If it isn’t evident yet, IB71 is very much inspired by Ben Affleck’s Oscar-winning Argo (2012). The template is the same: Declassified mission, ridiculous plan, heroic extraction agent, pensive boss hovering over the phone at the bureau, last-ditch escape, egg on Islamic nation’s faces. But there’s one crucial difference. The film-making of Argo made the true story sound smart and audacious and funny. The film-making of IB71 makes the true story look silly and confusing and far-fetched. Let’s leave aside the cringey Pakistani caricatures for a beat. The Vishal Jethwa character, for instance, seems to be stuck in a parallel Dhamaal (2011) sequel. He’s so hammy that you almost expect Vijay Raaz to turn up as the cucumber-cool Air Traffic Controller. Then there’s the flight itself – the passengers swerve from side to side in the plane as if they were on an AC Sleeper bus to Goa.
The Kashmir sequences in the first half are visually striking, but I couldn’t get over how the radicals didn’t realize they were being followed by an imposing figure like Vidyut Jammwal – in the snow, no less. Nobody is as subtle or discreet as they think they are. When undercover cops communicate with each other through darting eyes and hand gestures at the Dal lake, they look like football managers attempting to signal a play to an aloof midfielder. When two radicals meet during a matinee show of Arzoo (1965) to discuss their master plan, the dubbing makes it sound like they want the entire cinema hall – including the not-so-undercover IB agents – to hear them.
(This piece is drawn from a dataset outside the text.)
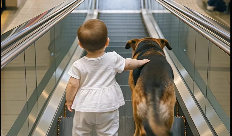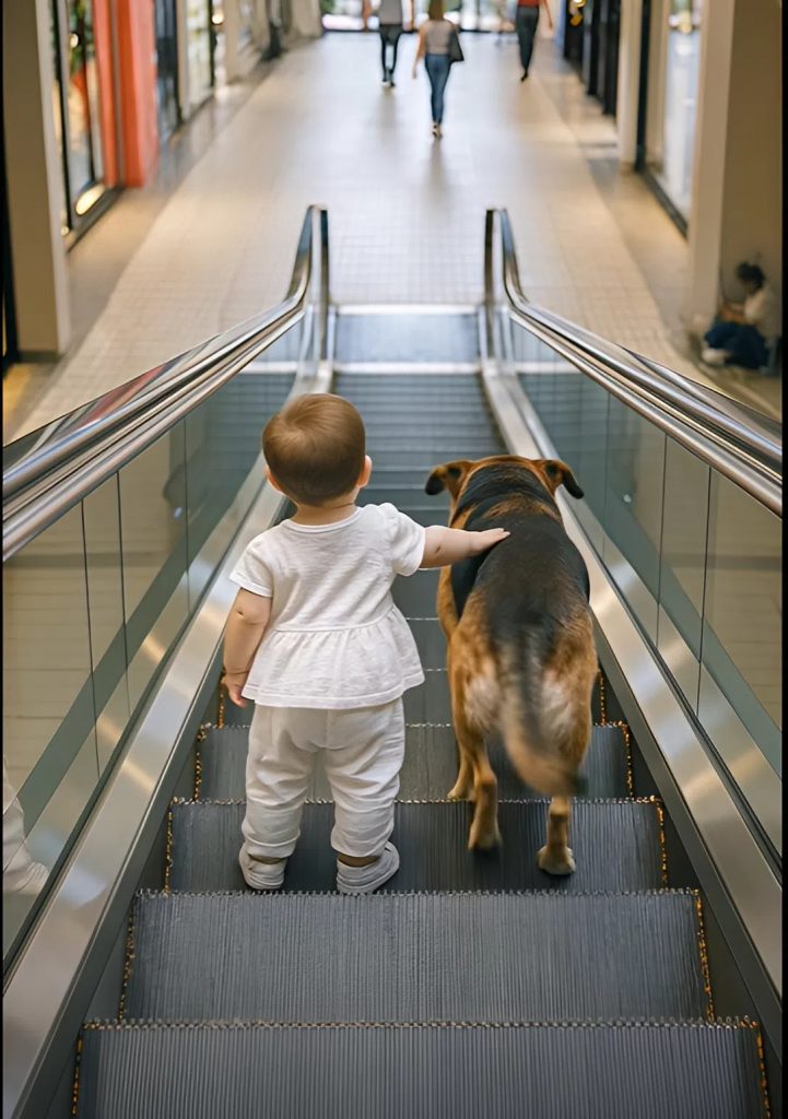 Liukuportaissa edessäni seisoi pieni tyttö – tuskin puolitoistavuotias, pukeutuneena valkoiseen puseroon ja vaaleisiin housuihin. Hänen vierellään seisoi suuri koira, todennäköisesti saksanpaimenkoira.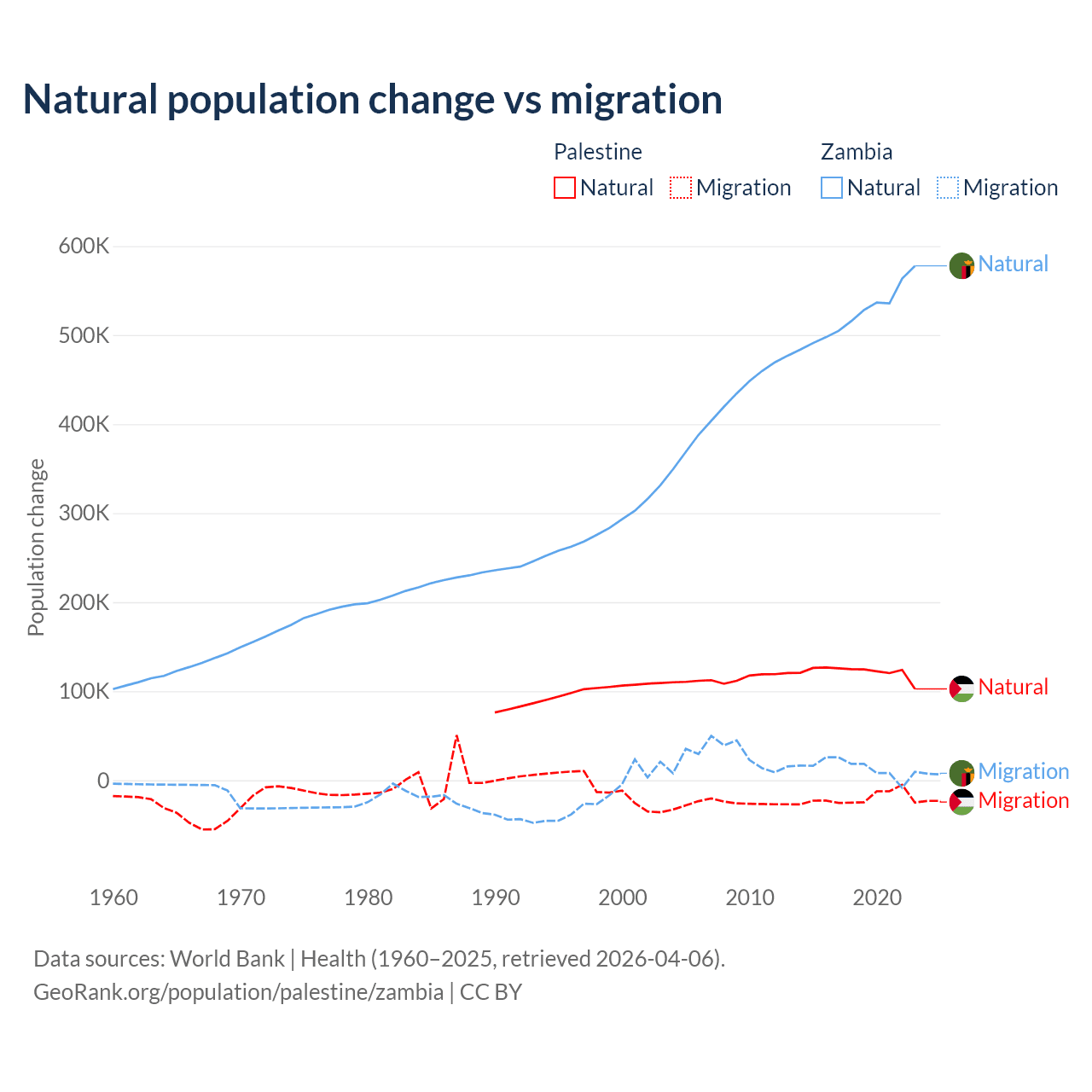Over the last 10 years, 85.7% of the population change in Palestine is from natural causes (a gain of 1,218,010 people) and 14.3% is from migration (a loss of 202,820 people). In Zambia 97.4% is from natural causes (a gain of 5,233,797 people) and 2.58% is from migration (a gain of 138,554 people).

Apparently, they’re whispering. When a half-clever moment reveals that a male IB officer is answering ‘family’ phone calls from Lahore in fake voices, he ruins it by mimicking wives and mothers too. (“Quit when you’re ahead!” I screamed, in my most masculine voice). The only two female agents in the film make grave mistakes: One allows a Bengali civilian onto the pretend-flight, the other is stabbed at a hotel.
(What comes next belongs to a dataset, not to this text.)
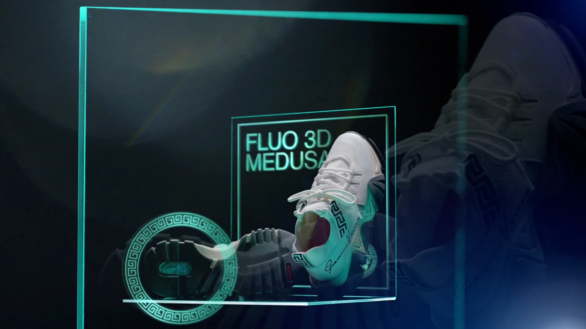 Inspired by Versace’s Spring-Summer 2020 campaign’s focus on modern technology, the Squalo sneakers are showcased in a setting that celebrates the digital era. The films feature a strong graphic aesthetic used to highlight the various design features of the shoe. Layers of acrylic, shot in-camera, with graphic elements tracked in and composited add up to an overall organic, textured aesthetic.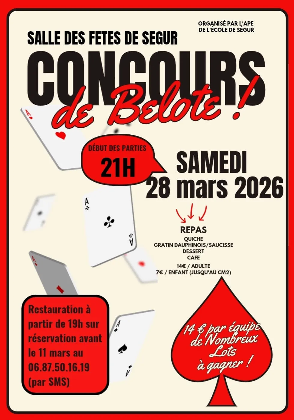 21h - Salle des Fêtes. 14€ par équipe, nombreux lots à gagner. Organisé par l'APE de Ségur. Restauration à 19h sur réservation avant le 11/03 par SMS au 06 87 50 16 19 (quiche, gratin dauphinois saucisse, dessert, café, 14€/ad, 7€/enf (jusqu'au CM2).

When the Indians are on the verge of being exposed, a late-night power cut comes to the rescue. At the end of the mission, we see Dev striding triumphantly in slow-motion in the pouring rain towards the border. The film concludes with an epilogue about Pakistan losing the war and failing to break India into parts (“Instead we broke them into two parts: Pakistan and Bangladesh, thus saving millions of lives”). When it cuts back to the hero, Dev is still striding in the rain. He looks pleased. Seasons change, India becomes a superpower, Novak Djokovic retires, AI ends sport, the cure to cancer arrives, climate change resurrect dinosaurs, a meteor strikes, Adam ghosts Eve, the internet is invented before the wheel, fiction ceases to exist, borders perish, movies return, I’m reborn and Christopher Nolan starts to direct the planet. But Dev is still striding in the rain in IB71.